L’ultima revisione Cochrane sull’argomento riporta che ridurre la pressione al di sotto degli abituali target (140-160/90-100 mmHg) non riduce la mortalità nè la morbilità [2].
Oltre agli studi citati nella “pillola”, una recente analisi retrospettiva dei dati dello studio LIFE rinforza la possibilità di una curva a J per quanto riguarda la relazione tra PA ed eventi cardiovascolari maggiori [3].

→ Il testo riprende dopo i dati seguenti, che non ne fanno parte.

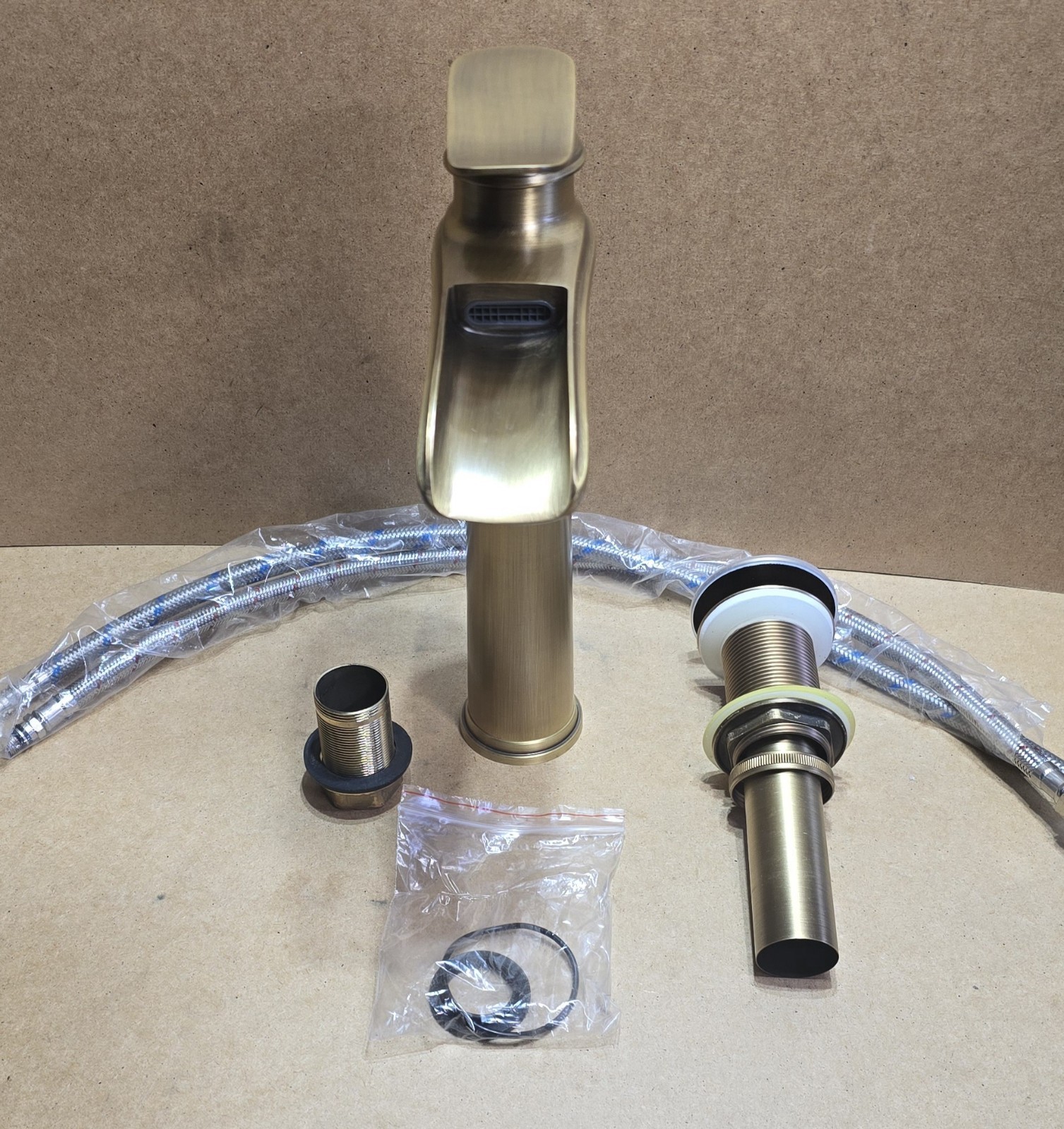 Waterfall Single Hole Single Handle Bathroom Faucet/Drain Assembly/Antique Brass

Sono dunque necessari ulteriori studi, che confrontino strategie aggressive e meno aggressive, in pazienti con diversi livelli di rischio cardiovascolare, per stabilire finalmente i valori pressori da raggiungere nelle diverse condizioni cliniche. Nel frattempo…. non sentiamoci in colpa per le accuse di inerzia terapeutica !.


Bibliografia

1) Reappraisal of European guidelines on hypertension management: a European Society of Hypertension Task Force document. Journal of Hypertension 2009; 27: 2121-58
2) Arguedas JA, Perez MI, Wright JM. Treatment blood pressure targets for hypertension. Cochrane Database of Systematic Reviews 2009, Issue 3. Art. No.: CD004349. DOI: 0.1002/14651858.CD004349.pub2
3) Okin PM, Hille DA, Kjeldsen SE, Dahlöf B, Devereux RB. Impact of lower achieved blood pressure on outcomes in hypertensive patients. J Hypertens. 2012; 30: 802-10.